Reality checkpoint: Bain & Company, "Doing Agile Right"
Agile has become such a buzzword it’s almost lost its meaning. So we thought it a good time to review. Overly cumbersome and bureaucratic processes and data silos create sluggish business models that are unable to react quickly to changes in plan and slow, rather than foster, innovation. But agile isn’t a destination. It’s a means to becoming an effective and prosperous organisation. As we learned long ago, Jack be nimble, Jack be quick, Jack jump over the candlestick. Organisations need to learn to be like Jack, learning to jump before disruptions impact their business.
Agile is being hailed as the magical antidote to organisational woes. But although it does have the power to transform how you work, it must be implemented in the right way, in the right areas to get you there.
Bain & Company thought leader and HBR author Darrell Rigby and colleagues Sarah Elk and Steve Berez check us on what agile really means, clearing up the myths and misconceptions surrounding all the buzz. Agile teams can, in fact, fuel innovation and make jobs more rewarding, but only if done right. It is not, however, a magic pill and can’t transform your company with a single swallow. Nor should it be used in all types of work or in every function.
As is with most things in life, the key is in finding the right balance, identifying where there is a need for tight control and strict governance for optimisation. As says, “Agile, done well, frees and facilitates vigorous innovation without sacrificing the efficiency and reliability essential to traditional operations.”
- How Agile Really Works
- Agile Planning, Budgeting and Reviewing
- Agile Organization, Structures and People Management
- Agile Processes and Technology
- Scaling Agile
- Agile Leadership
- Agile in Crises
- Doing Agile Wrong
- The (Un)balanced Company
Author Darrell Rigby responds to a question on how organisations can work together effectively and whether common goals should be established. “In my experience, Agile teams actually do better when they have separate rather than shared goals. The goals should be aligned so that teams are not wasting resources or working at cross-purposes, but aligned goals are different from shared goals. Take Saab Aeronautics, which develops the most cost-effective fighter jet in the world (the Gripen) using about 100 Agile teams. The teams are aligned on the goals for the overall jet, but teams working on propulsion have different goals from those developing brakes, for example.

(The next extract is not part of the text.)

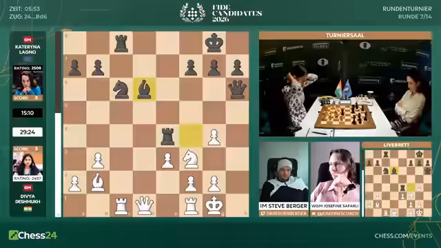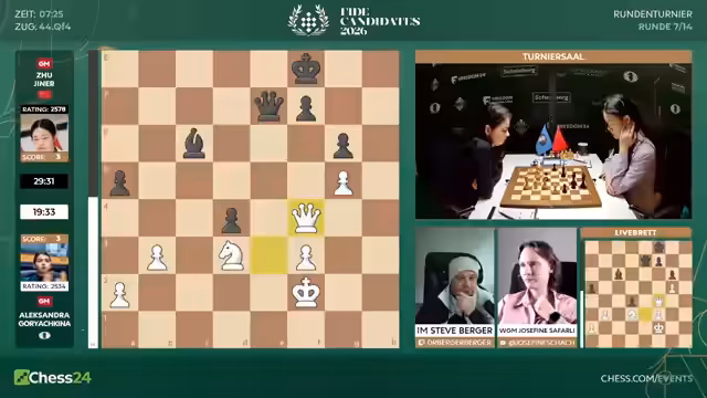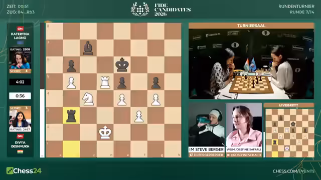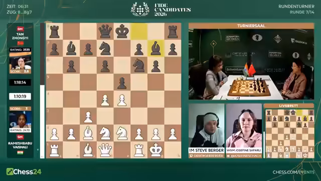 03:51:26Bei den Frauen erlebt Tan Song Ji einen katastrophalen Partieabbruch. Sie hat eine nominale Gewinnstellung, aber unter Zeitnot spielt sie einen groben Fehler, der sofort zum Matt führt. Kommentator Jan ist baff und kritisiert das Einstellen von Gewinnpositionen scharf. Das Verhalten wird als unprofessionell und insbesondere beim Kandidatenturnier als inakzeptabel bezeichnet. Es wird als heftiger Rückschlag für die Spielerin gewertet.
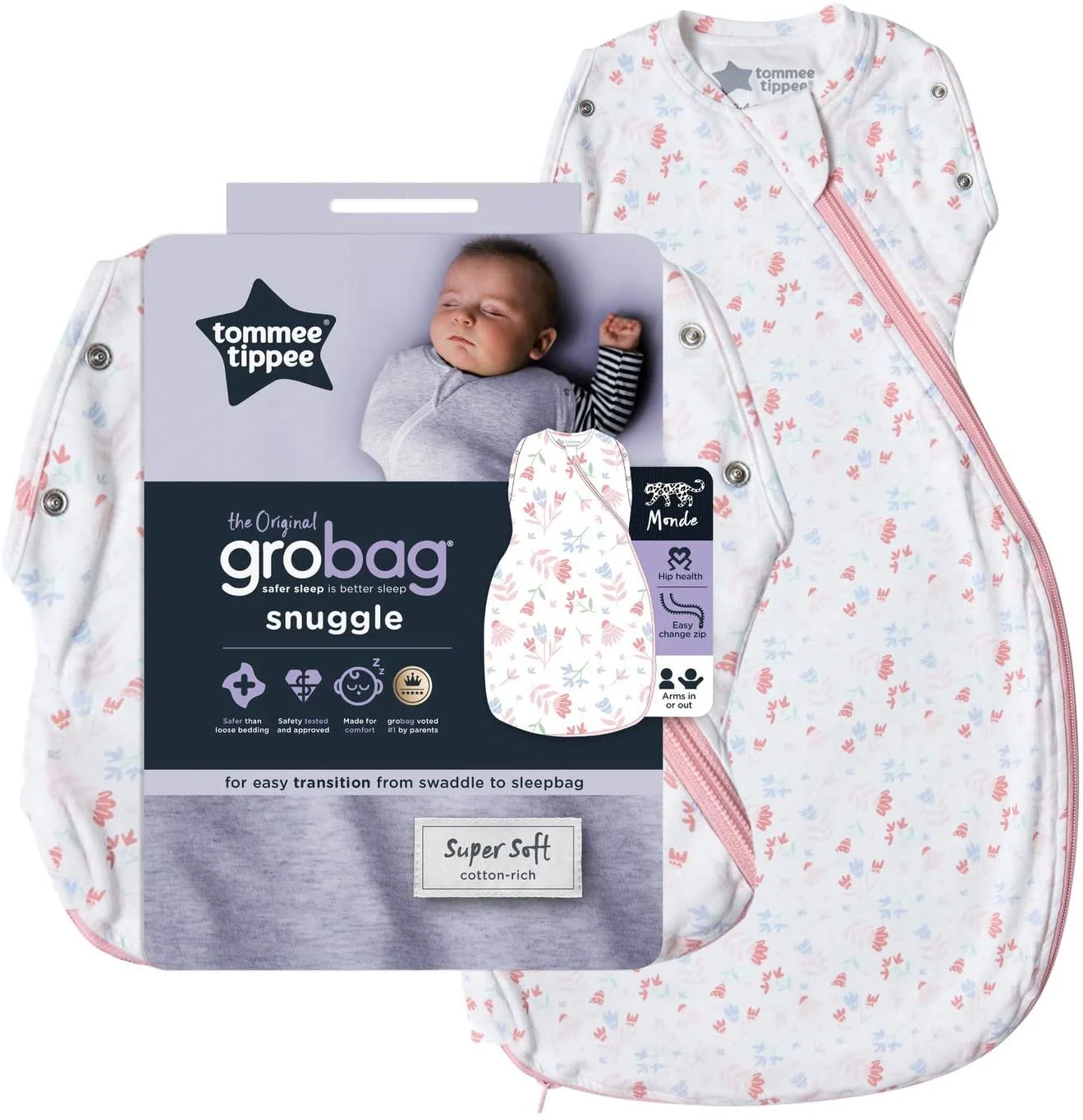 Tommee Tippee Baby Sleep Bag, The Original Grobag Snuggle, Soft Cotton-Rich Fabric, 3-9m, 1.0 Tog, Pretty Petals

“We often create what we call taxonomies of teams to show how Agile teams fit together and to make those relationships transparent to the entire organisation. We design the taxonomy to minimise interdependence while making sure that each module quickly and easily plugs into the others. This gives teams autonomy to act quickly without wasting time and energy on constant coordination. We think of it as creating a microservices architecture for technology, deploying loosely coupled applications that are self-contained but with clear interfaces. Amazon, as you probably know, uses microservices. Those microservices are mapped to autonomous teams that are generally capped at 10 members. We, too, consciously design business architectures and taxonomies so that each service ties closely to a development team.”